— DIRECTIONS —
Only the lines below between the one holding "Funda de Cuero" and the one holding "ホテルの外観をかたどったティ", inclusive, are to be reproduced word for word; the pictures are to be left out.

— DATASET ENTRIES —
————

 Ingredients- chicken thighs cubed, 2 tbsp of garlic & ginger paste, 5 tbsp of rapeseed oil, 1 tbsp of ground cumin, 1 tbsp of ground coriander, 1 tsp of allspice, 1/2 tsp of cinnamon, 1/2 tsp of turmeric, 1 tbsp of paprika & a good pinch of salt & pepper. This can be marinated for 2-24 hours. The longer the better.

————

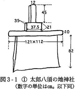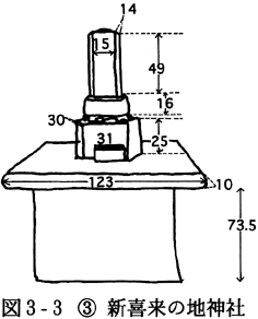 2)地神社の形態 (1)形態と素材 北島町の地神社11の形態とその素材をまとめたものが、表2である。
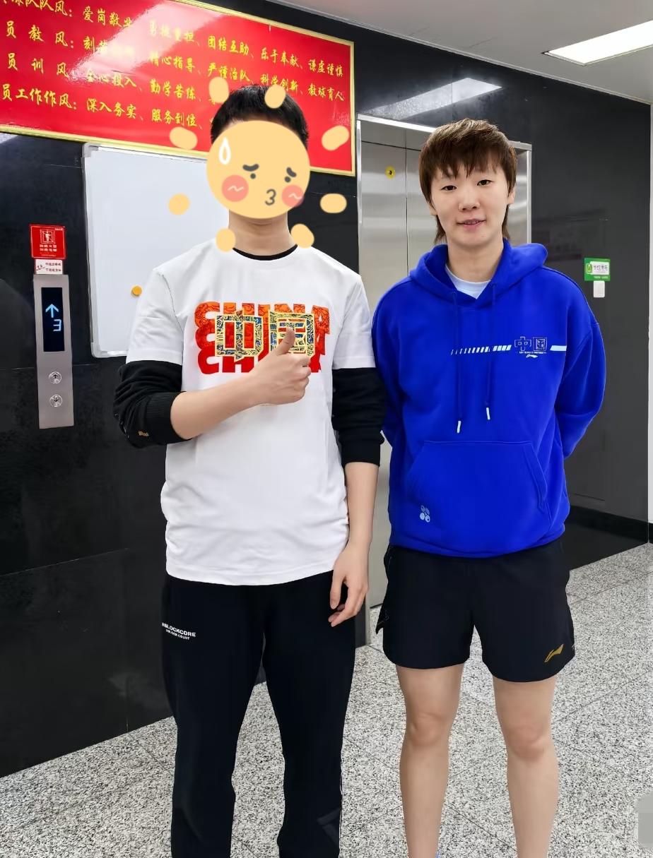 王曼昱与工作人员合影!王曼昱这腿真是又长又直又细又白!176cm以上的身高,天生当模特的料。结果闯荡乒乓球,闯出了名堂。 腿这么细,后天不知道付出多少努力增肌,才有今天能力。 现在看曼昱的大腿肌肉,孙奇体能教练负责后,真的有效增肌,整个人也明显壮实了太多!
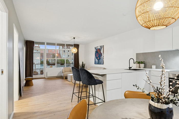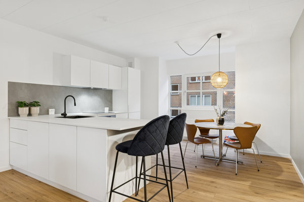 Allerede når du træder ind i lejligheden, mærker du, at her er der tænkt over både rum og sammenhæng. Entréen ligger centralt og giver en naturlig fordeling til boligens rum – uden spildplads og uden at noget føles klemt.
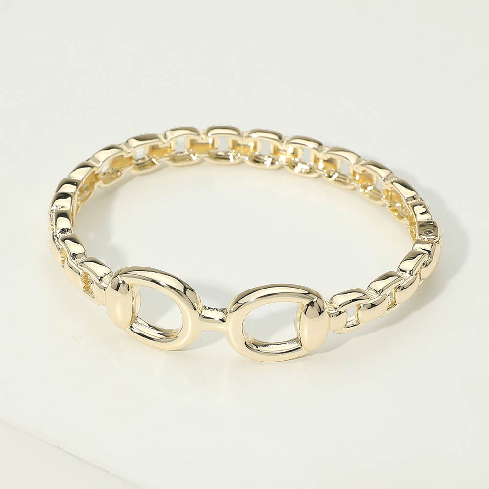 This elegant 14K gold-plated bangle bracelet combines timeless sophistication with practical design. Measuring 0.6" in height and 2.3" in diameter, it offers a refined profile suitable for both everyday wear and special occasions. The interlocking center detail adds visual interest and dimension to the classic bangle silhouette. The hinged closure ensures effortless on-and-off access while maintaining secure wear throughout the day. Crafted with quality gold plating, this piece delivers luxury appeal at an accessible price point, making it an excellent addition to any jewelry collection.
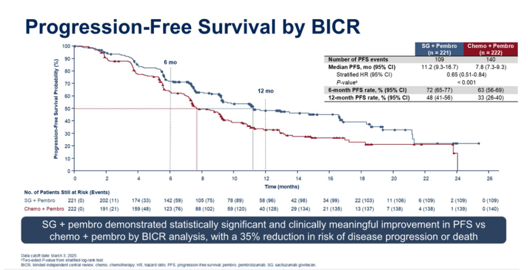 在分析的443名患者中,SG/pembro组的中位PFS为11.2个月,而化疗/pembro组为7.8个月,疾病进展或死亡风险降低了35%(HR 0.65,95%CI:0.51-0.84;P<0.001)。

————

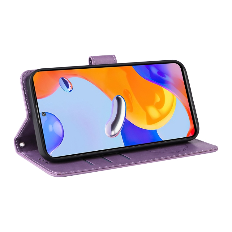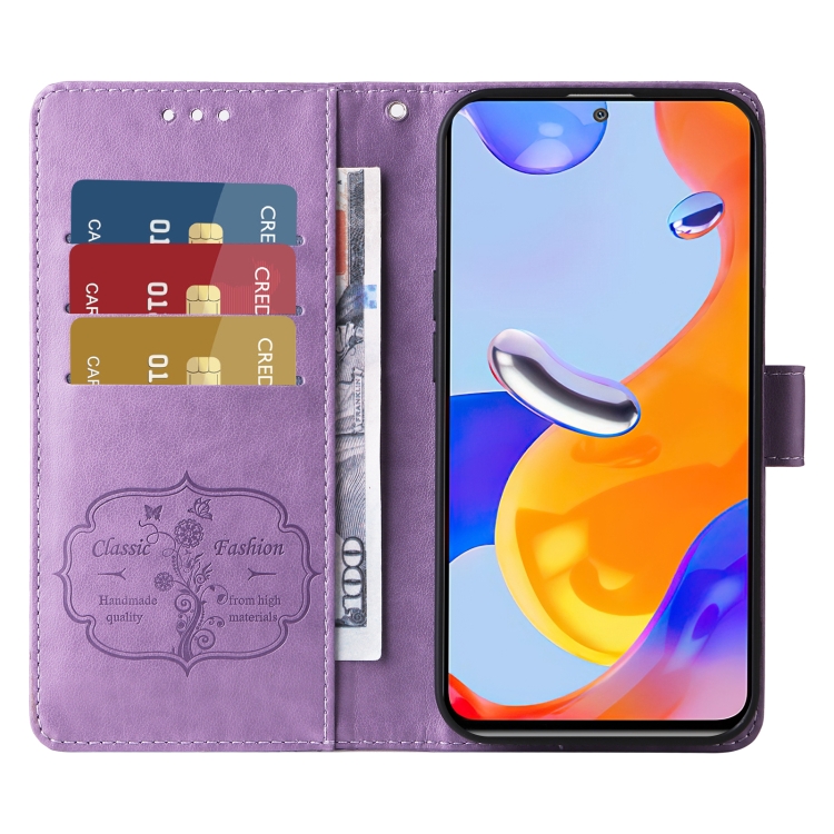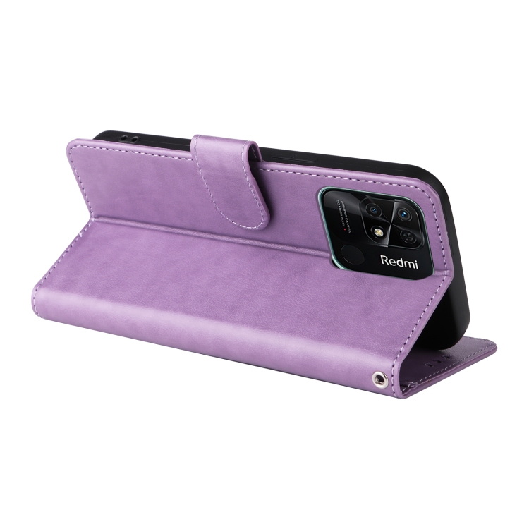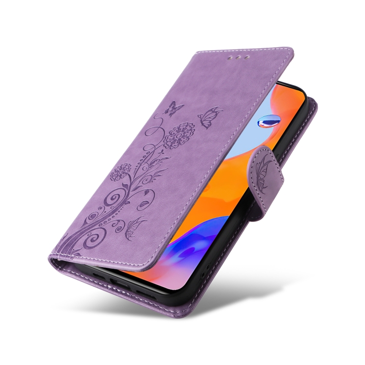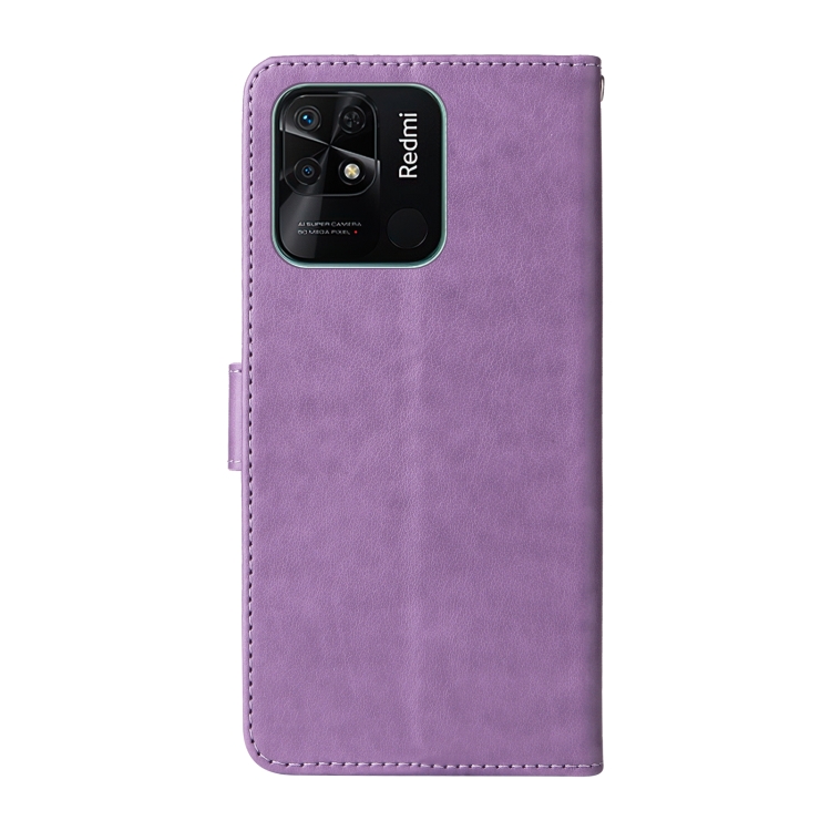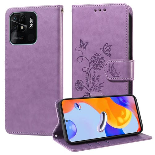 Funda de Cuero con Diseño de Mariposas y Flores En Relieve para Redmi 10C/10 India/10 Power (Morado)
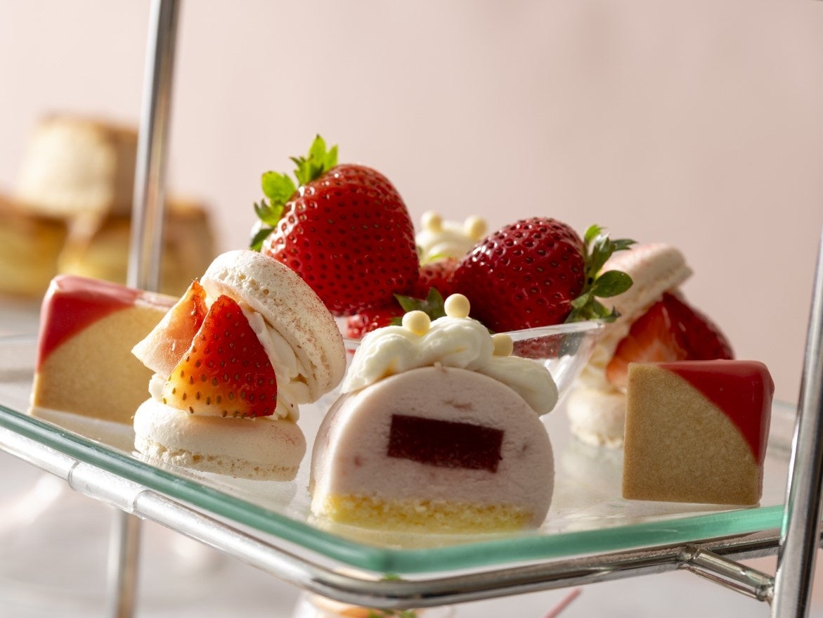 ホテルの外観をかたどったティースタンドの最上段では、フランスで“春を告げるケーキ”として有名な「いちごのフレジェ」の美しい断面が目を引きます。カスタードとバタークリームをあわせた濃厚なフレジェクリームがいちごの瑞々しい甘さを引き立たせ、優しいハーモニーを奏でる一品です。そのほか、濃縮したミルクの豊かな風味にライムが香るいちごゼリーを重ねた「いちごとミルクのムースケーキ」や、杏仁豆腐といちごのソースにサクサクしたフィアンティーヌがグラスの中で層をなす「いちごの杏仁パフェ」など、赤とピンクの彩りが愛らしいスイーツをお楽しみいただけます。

————

— OUTPUT FOR THIS EXERCISE —
 Funda de Cuero con Diseño de Mariposas y Flores En Relieve para Redmi 10C/10 India/10 Power (Morado)
 ホテルの外観をかたどったティースタンドの最上段では、フランスで“春を告げるケーキ”として有名な「いちごのフレジェ」の美しい断面が目を引きます。カスタードとバタークリームをあわせた濃厚なフレジェクリームがいちごの瑞々しい甘さを引き立たせ、優しいハーモニーを奏でる一品です。そのほか、濃縮したミルクの豊かな風味にライムが香るいちごゼリーを重ねた「いちごとミルクのムースケーキ」や、杏仁豆腐といちごのソースにサクサクしたフィアンティーヌがグラスの中で層をなす「いちごの杏仁パフェ」など、赤とピンクの彩りが愛らしいスイーツをお楽しみいただけます。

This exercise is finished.